« L'imposture du marronnier » de Mariano Sabatini

Dans la lignée des romans italiens illustrant Rome comme cadre idéal d'histoires morbides, Mariano Sabatini met en scène la capitale italienne qui, loin de la splendeur de la "grande bellezza", sert de toile de fond à une histoire de pouvoir et de corruption où la violence éclate et règne sur les corps et les coeurs, contaminant les liens sociaux, publiques et privés.

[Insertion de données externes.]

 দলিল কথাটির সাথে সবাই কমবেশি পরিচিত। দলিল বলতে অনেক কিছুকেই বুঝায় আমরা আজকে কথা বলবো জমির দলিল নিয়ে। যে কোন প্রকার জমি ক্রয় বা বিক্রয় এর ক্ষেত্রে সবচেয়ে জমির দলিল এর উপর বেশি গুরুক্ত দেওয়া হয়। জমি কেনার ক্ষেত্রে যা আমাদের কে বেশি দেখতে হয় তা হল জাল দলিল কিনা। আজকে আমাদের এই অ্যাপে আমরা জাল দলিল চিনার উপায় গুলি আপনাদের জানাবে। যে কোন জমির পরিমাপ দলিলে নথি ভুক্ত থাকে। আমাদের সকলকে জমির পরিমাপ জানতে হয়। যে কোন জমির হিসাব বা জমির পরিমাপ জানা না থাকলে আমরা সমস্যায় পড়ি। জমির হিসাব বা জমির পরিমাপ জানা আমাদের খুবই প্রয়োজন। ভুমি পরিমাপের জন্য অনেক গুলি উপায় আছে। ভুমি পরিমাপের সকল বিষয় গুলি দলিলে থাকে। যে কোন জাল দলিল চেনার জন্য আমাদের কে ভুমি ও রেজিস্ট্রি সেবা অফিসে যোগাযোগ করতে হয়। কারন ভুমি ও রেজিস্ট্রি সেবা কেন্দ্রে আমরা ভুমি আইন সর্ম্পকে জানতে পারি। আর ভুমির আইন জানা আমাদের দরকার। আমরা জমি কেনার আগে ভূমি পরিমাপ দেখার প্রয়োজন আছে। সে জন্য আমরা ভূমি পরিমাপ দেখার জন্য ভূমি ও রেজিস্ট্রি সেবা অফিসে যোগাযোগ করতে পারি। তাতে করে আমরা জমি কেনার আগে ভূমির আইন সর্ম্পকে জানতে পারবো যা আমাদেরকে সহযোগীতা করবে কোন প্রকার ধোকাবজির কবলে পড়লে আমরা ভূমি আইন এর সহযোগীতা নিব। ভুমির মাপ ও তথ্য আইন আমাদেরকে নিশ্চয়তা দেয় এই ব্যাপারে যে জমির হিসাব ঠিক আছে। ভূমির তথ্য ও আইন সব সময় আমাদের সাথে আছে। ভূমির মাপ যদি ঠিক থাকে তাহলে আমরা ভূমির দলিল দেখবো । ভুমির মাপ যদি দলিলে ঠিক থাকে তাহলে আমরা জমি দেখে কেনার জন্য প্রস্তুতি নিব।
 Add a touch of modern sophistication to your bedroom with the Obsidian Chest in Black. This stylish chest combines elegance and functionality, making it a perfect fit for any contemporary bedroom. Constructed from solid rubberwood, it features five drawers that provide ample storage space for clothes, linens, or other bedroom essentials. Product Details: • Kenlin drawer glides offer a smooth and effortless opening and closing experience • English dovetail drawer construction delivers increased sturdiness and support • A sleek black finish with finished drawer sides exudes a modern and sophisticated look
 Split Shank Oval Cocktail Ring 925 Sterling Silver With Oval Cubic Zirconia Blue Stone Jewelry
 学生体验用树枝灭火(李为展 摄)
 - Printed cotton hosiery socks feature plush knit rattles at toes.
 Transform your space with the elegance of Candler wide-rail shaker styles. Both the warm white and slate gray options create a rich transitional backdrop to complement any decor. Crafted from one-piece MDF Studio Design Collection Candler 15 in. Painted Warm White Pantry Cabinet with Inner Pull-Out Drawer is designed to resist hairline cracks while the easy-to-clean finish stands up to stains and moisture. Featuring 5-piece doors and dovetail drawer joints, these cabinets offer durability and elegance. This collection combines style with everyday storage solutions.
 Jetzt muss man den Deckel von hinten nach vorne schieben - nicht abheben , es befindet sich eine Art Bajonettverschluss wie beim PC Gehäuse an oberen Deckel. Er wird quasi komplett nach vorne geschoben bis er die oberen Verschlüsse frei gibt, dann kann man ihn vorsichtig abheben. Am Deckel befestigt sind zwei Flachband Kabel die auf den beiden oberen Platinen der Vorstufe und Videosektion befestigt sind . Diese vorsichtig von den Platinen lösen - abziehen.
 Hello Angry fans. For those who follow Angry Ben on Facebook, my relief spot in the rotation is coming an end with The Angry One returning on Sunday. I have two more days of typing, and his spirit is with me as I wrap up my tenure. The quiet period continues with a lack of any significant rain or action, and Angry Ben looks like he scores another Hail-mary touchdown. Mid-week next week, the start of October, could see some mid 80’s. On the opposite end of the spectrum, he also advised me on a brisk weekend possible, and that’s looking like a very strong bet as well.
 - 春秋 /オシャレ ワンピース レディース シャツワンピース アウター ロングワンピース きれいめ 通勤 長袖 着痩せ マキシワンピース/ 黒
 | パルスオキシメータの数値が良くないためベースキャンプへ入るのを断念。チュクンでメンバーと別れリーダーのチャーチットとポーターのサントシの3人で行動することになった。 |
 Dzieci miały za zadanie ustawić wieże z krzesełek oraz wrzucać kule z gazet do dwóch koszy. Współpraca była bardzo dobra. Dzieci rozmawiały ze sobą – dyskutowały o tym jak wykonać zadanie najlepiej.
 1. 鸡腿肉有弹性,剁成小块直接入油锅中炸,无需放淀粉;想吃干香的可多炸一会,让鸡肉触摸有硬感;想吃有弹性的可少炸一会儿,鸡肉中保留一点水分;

Le lecteur plonge très vite dans le vif du sujet: le premier personnage, le commendatore, riche entrepreneur véreux de 80 ans qui brigue la mairie de Rome, passe au bout de quelques pages de vie à trépas à la vitesse d'une lame de couteau acérée. Une journaliste venue l'interviewer découvre le cadavre mutilé dans sa somptueuse villa. C'est alors qu'entre en scène un troisième personnage singulier, Leo Malinverno, "journaliste par vocation, séducteur par nature et détective malgré lui". C'est lui qui va mener l'enquête en fin limier, meilleur que les policiers avec qui il collabore. La tâche n'est pas simple, peut être dangereuse, tant la victime avait d'ennemis. Mais c'est sans compter avec la beauté, l'intelligence, la générosité, le tact de l'homme qui, de plus, est bon vivant et grand connaisseur de bonne cuisine. Le portrait est flatteur...mais définitivement très attachant. Il est évident que l'auteur éprouve de la sympathie pour ses personnages, même, et je dirais surtout, quand il dévoile leurs côtés moins alléchants, voire désagréables, leurs faiblesses et leurs vices. Le rythme soutenu des rebondissements tragiques et violents est entrecoupé de moments nostalgiques, de courts instants de bonheur. L'auteur nous entraîne à travers cette ville qu'il aime, décrivant ses quartiers riches et pauvres, sous une pluie diluvienne ajoutant encore à l'ambiance d'une puanteur malsaine et fangeuse. Leo y cherche à élucider les intrigues, non sans un sens aigu de la psychologie. Avec agilité et rigueur, ironie et légèreté, il déjoue les noeuds de mensonges et de secrets qui gangrènent la société romaine, un clin d'oeil au beau titre du livre - l'imposture du marronnier - arbre trompeur au fruit non comestible.
Le livre a obtenu le prestigieux prix Flaiano en 2017.